# Apartment or villa wanted Tenerife / Canaries



## barryd (May 9, 2008)

Does anyone have one or know of a good one for rental? Looking for early December to early to mid January. Tenerife probably but would consider other islands.

We did this about ten years ago and had a great time. Found a place on a golf course.

I've found a couple online but thought I would ask on here as you never know. I'll have my supervisor with me so it won't get trashed.


----------



## Pudsey_Bear (Sep 25, 2008)

would you rent a property to you???


----------



## barryd (May 9, 2008)

As I said. I have my supervisor with me. She will no doubt leave it in a better state than it was when we arrived so no worries there!


----------



## raynipper (Aug 4, 2008)

I am asking a friend right now and await their reply. Can you give me any more info Baz like when and how long?

Ray.


----------



## barryd (May 9, 2008)

raynipper said:


> I am asking a friend right now and await their reply. Can you give me any more info Baz like when and how long?
> 
> Ray.


Thanks Ray. Looking at flights for period 14th Dec to 11th of Jan (Friday to Friday 28 nights). Flight on those dates are cheap as chips as its outside the main Christmas / New Year period.


----------



## raynipper (Aug 4, 2008)

Sorry Baz. Just got the reply...……………………..

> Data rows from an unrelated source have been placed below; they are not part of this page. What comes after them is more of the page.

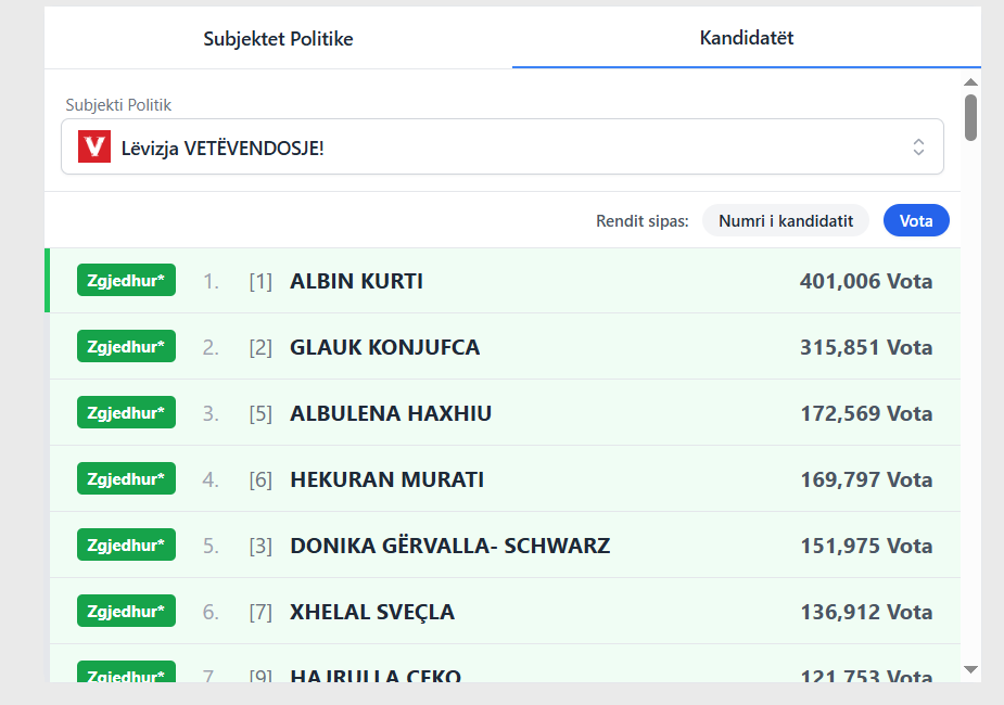 Kandidati për kryeministër nga kjo parti, Albin Kurti, ka marrë mbi 400 mijë vota, duke thyer rekordin si personi më i votuar në historinë e Kosovës.
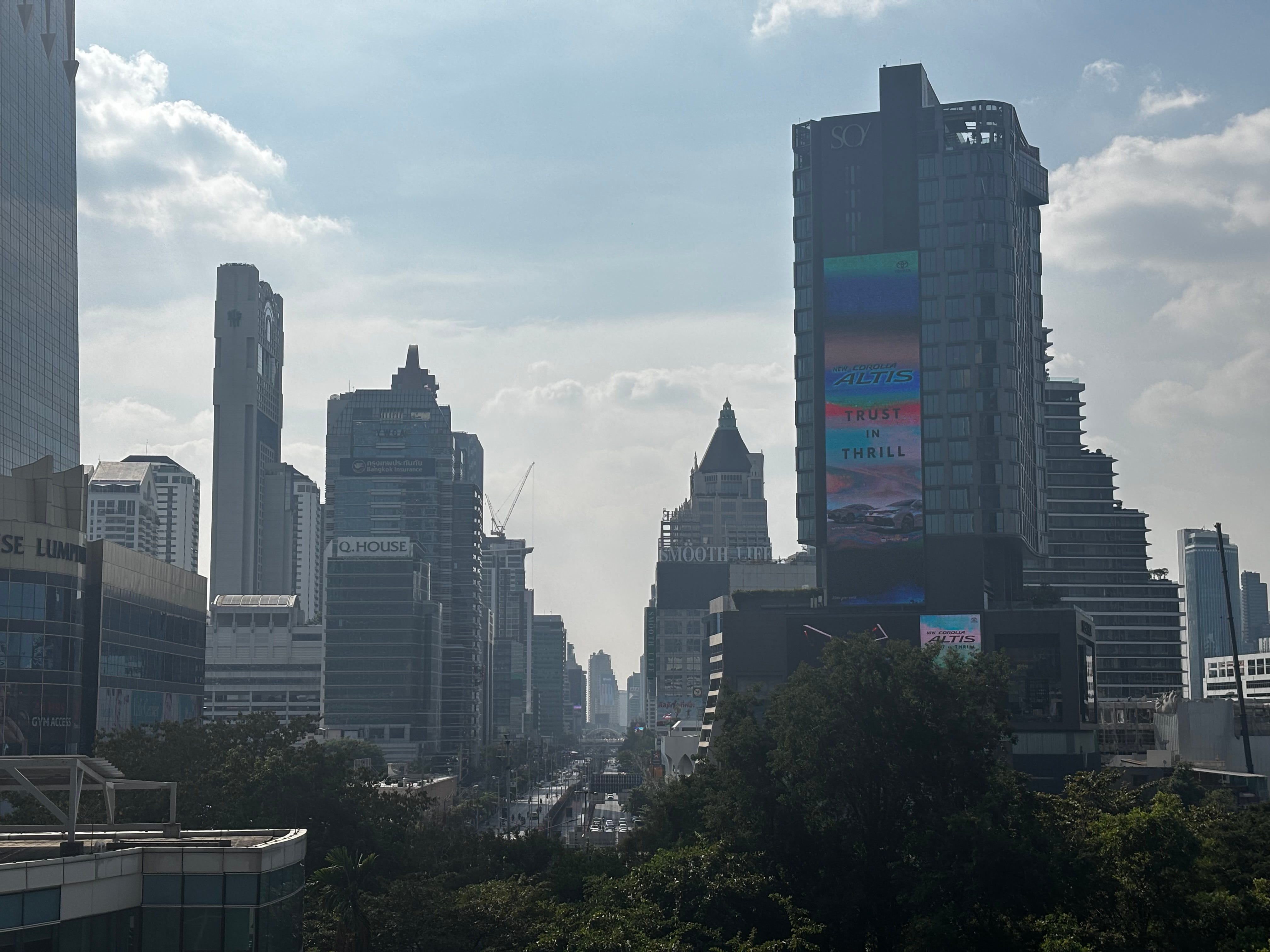 We exit the boisterous airport and slide into the van our hotel had scheduled to pick us up. After 26 hours of airports and flights, arriving at Gecko Eye Hotel was the best feeling ever. It was so peaceful, despite being in the midst of downtown activity on a Saturday night. I didn’t realize how central the hotel was on the map, nor how happening Bangkok is. We opened the door to our room and there was more space than expected, with an entire wall of ceiling to floor windows that overlooked the BTS Skytrain and EmSphere Mall, couches facing a smart TV, and a coffee table in the center of the living space. “This is quite the first impression,” I thought to myself as I kicked off my shoes and dropped the heavy backpack.
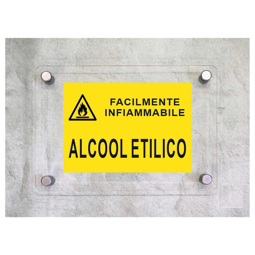 Global Targa Cartello in plexiglass - ALCOOL ETILICO RETTANGOLARE - Con Distanziali in acciaio inox, Stampa UV
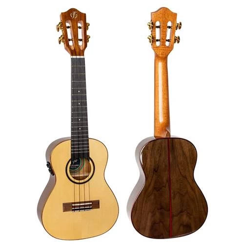 Spruce is a wood adored by ukulele players for its open projection and volume. This all-solid spruce top is paired with a lovely laminate walnut back and sides to add a warmer look and a sound similar to rosewood. The pairing of the two woods provides a deep tone and an impressive resonance. Just when you thought it couldn’t get more heavenly with the gorgeous contrast of the two woods, the gloss finish makes this ukulele a real head-tuner.
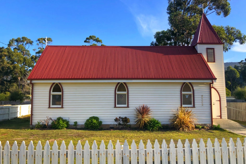 Next to the shop is the quirky Penguin and Pardalote cafe and the cute building of the church behind a white picket fence.

_I have no idea, because we have been put onto these people (who we don't know) by a neighbour of theirs in Tenerife, who happened to go to school with a bloke I play table tennis with. Long shot. We have also been told that we must not let on we are paying money for rental as the complex does not allow sublets in their purchase contracts. So I think it is a no-no. But once we get there in Jan I might have more information for the future, or not as the case may be!! 
Sorry I cannot help._

Ray.


----------



## barryd (May 9, 2008)

Thanks Ray for trying.

Ive emailed a couple online, will see what response I get.


----------



## raynipper (Aug 4, 2008)

I found better results when looking for accommodation was to include "by owner" in the search and you can deal direct.

Ray.


----------



## barryd (May 9, 2008)

Ive been using the Holiday lettings site which is basically a broker portal that puts you in touch with the owners direct. There are loads of them now though. Never considered just googling.


----------



## raynipper (Aug 4, 2008)

Go direct to the owners as far more flexibility. Found that for the Algarve and been very happy with the results.

Ray.


----------